Recipient NameMr. Rajat Rai
Recipient TitleChief Executive Officer
- Akorn, Inc.
1925 West Field Court
Lake Forest, IL 60045
- Issuing Office:
- Detroit District Office
300 River Place, Suite 5900
Detroit, MI 48207
January 3, 2019
UPS NEXT DAY
Mr. Rajat Rai
Chief Executive Officer
1925 West Field Court
Lake Forest, IL 60045
Dear Mr. Rai:
The U.S. Food and Drug Administration (FDA) inspected your drug manufacturing facility, Akorn, Inc. at 1222 West Grand Avenue, Decatur, IL, from April 9 to May 16, 2018.
This warning letter summarizes significant violations of current good manufacturing practice (CGMP) regulations for finished pharmaceuticals. See 21 CFR, parts 210 and 211.
Because your methods, facilities, or controls for manufacturing, processing, packing, or holding do not conform to CGMP, your drug products are adulterated within the meaning of section 501(a)(2)(B) of the Federal Food, Drug, and Cosmetic Act (FD&C Act), 21 U.S.C. 351(a)(2)(B).
We reviewed your June 7, 2018, response in detail and acknowledge receipt of your subsequent correspondence.
During our inspection, our investigators observed specific violations including, but not limited to, the following.

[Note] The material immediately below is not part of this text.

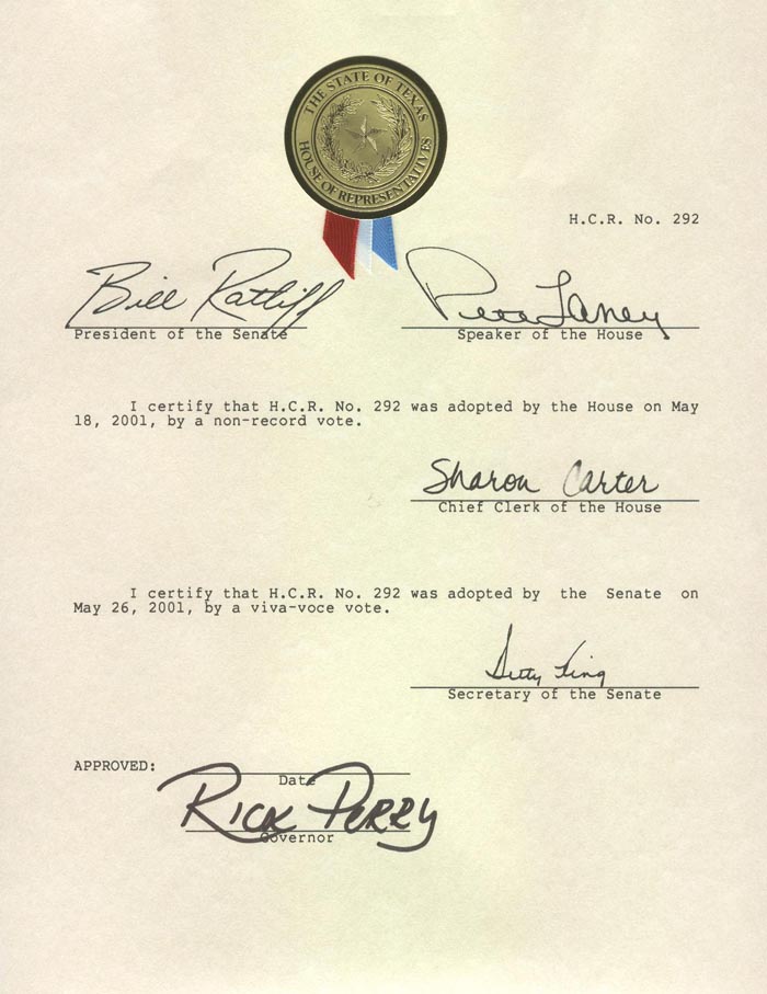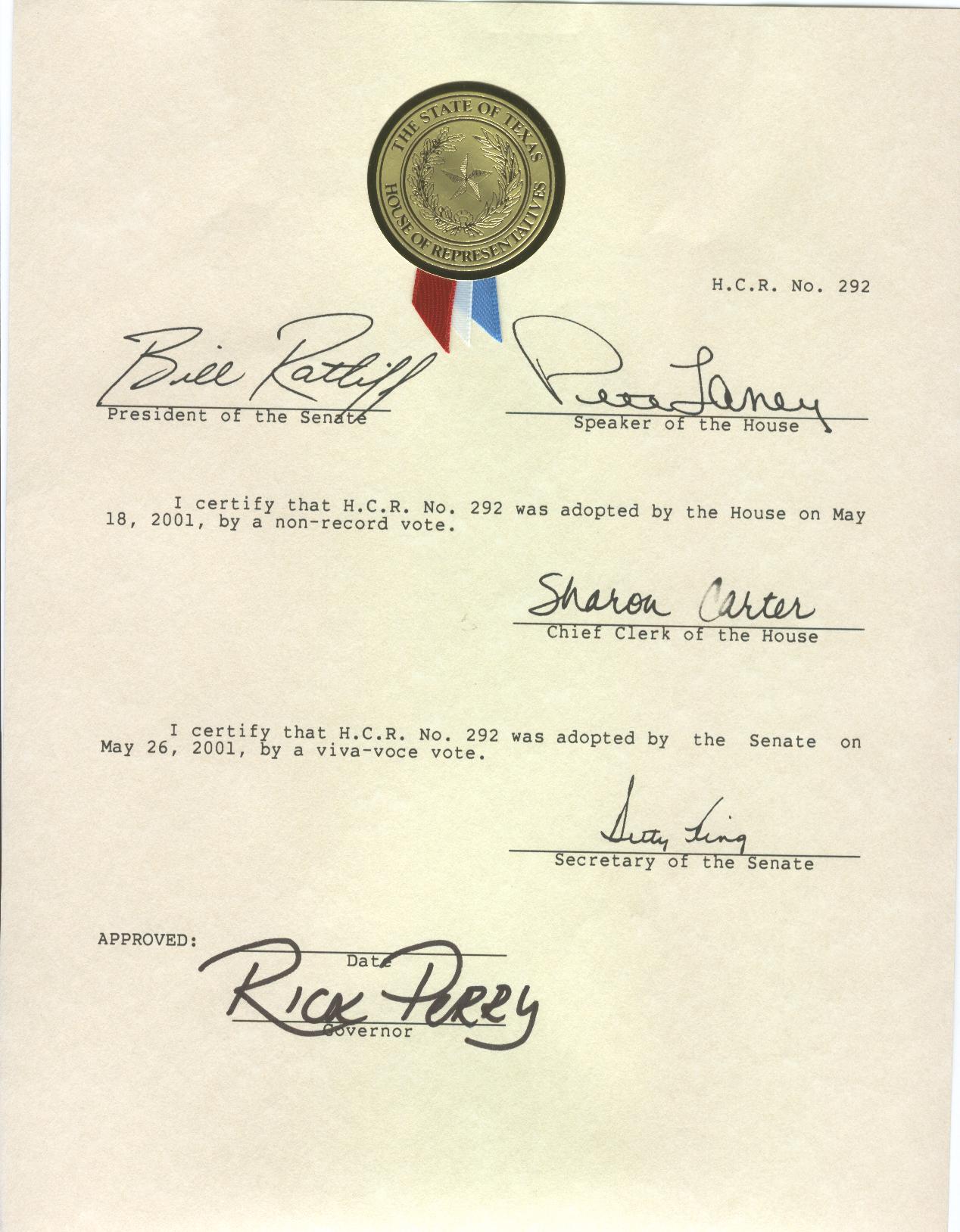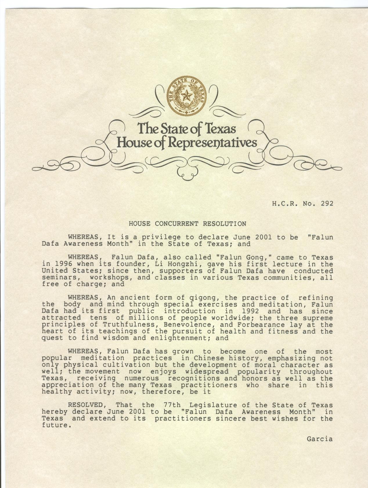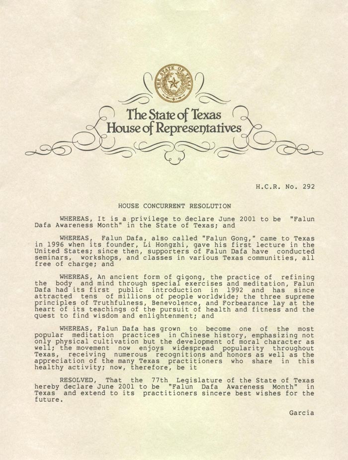 決議如下,得克薩斯州第77屆州議會宣布2001年6月為得克薩斯州「法輪大法認知月」並向修煉者的未來致以最美好的祝願。

1. Your firm failed to follow appropriate written procedures that are designed to prevent microbiological contamination of drug products purporting to be sterile, and that include validation of all aseptic and sterilization processes (21 CFR 211.113(b)).
Poor Aseptic Behavior
Operators displayed poor aseptic practices during aseptic set-up and filling operations. For example:
a. Operators placed their head and upper torso inside the filling cabinet during interventions and performed interventions over open vials without clearing them.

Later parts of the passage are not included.